Everything in the listing must be repeated exactly, apart from the images.

» DATA EXTRACT
□ □ □
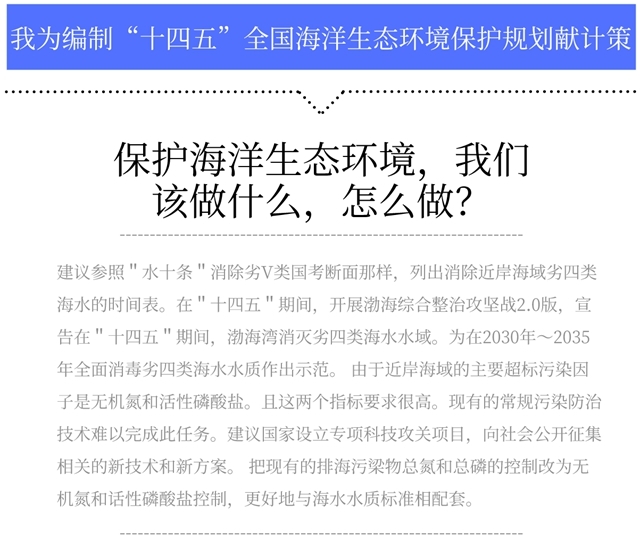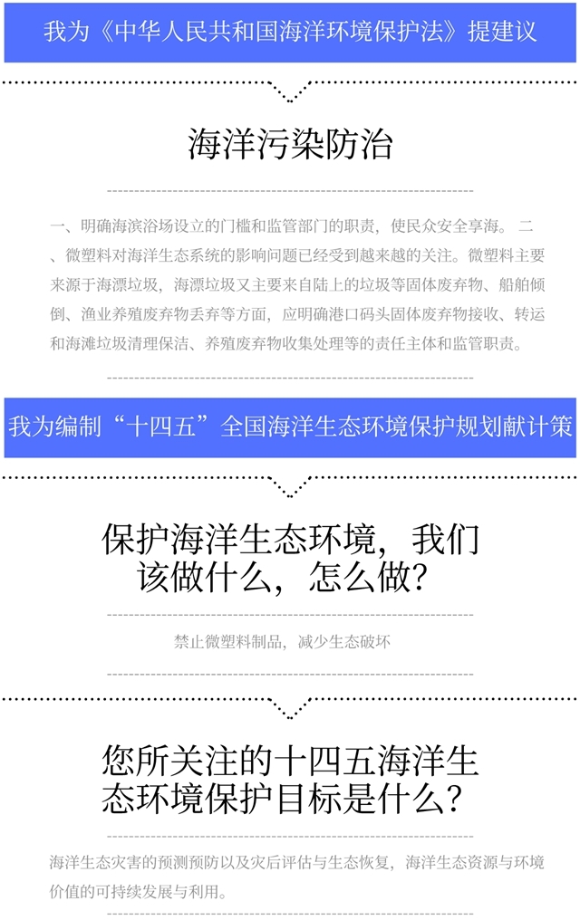 “我為海洋生態(tài)環(huán)境保護(hù)建言獻(xiàn)策”期待你的建言,也可以直接在下方留言框進(jìn)行互動(dòng)哦。
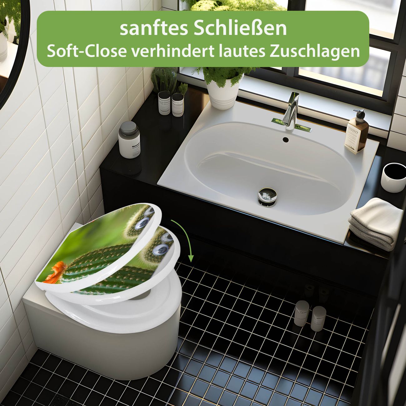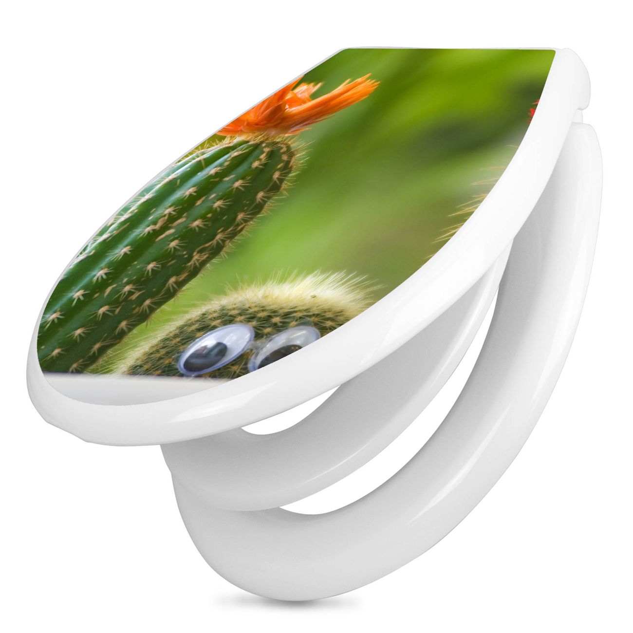 Toilettendeckel weiß mit Absenkautomatik Motiv Kakteen
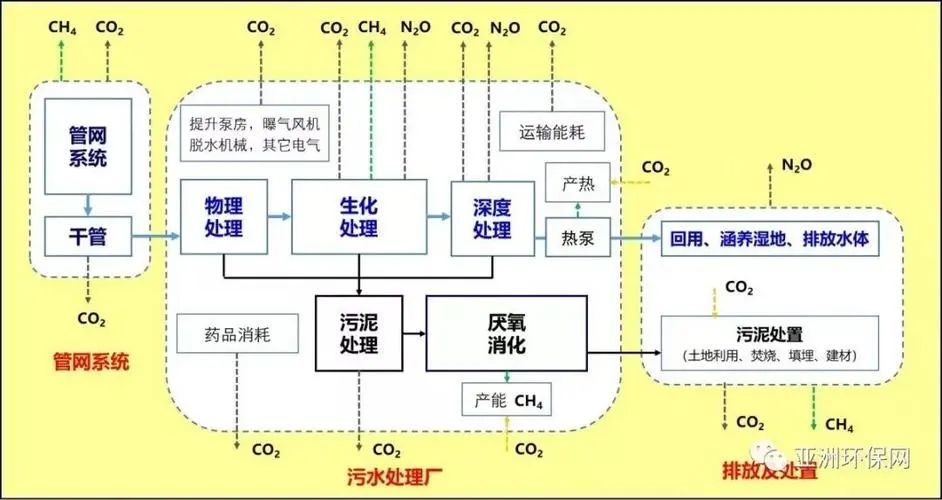 污水處理過(guò)程實(shí)際就是碳排放的過(guò)程,污水處理行業(yè)的碳排放量約占全社會(huì)總排放量的1%,在環(huán)保產(chǎn)業(yè)中占比最大。污水處理過(guò)程中會(huì)排放二氧化碳、甲烷和氧化亞氮。其中,二氧化碳主要來(lái)源于污水治理設(shè)施的能耗過(guò)程,而水污染物降解產(chǎn)生的二氧化碳則認(rèn)定為生源性碳排放;甲烷主要來(lái)源于污水處理厭氧環(huán)節(jié),包括管網(wǎng)、厭氧池、化糞池、污泥厭氧消化池等;氧化亞氮主要來(lái)源于污水處理過(guò)程的硝化反硝化階段。
□ □ □
» ANSWER SPACE
 “我為海洋生態(tài)環(huán)境保護(hù)建言獻(xiàn)策”期待你的建言,也可以直接在下方留言框進(jìn)行互動(dòng)哦。
 Toilettendeckel weiß mit Absenkautomatik Motiv Kakteen
 污水處理過(guò)程實(shí)際就是碳排放的過(guò)程,污水處理行業(yè)的碳排放量約占全社會(huì)總排放量的1%,在環(huán)保產(chǎn)業(yè)中占比最大。污水處理過(guò)程中會(huì)排放二氧化碳、甲烷和氧化亞氮。其中,二氧化碳主要來(lái)源于污水治理設(shè)施的能耗過(guò)程,而水污染物降解產(chǎn)生的二氧化碳則認(rèn)定為生源性碳排放;甲烷主要來(lái)源于污水處理厭氧環(huán)節(jié),包括管網(wǎng)、厭氧池、化糞池、污泥厭氧消化池等;氧化亞氮主要來(lái)源于污水處理過(guò)程的硝化反硝化階段。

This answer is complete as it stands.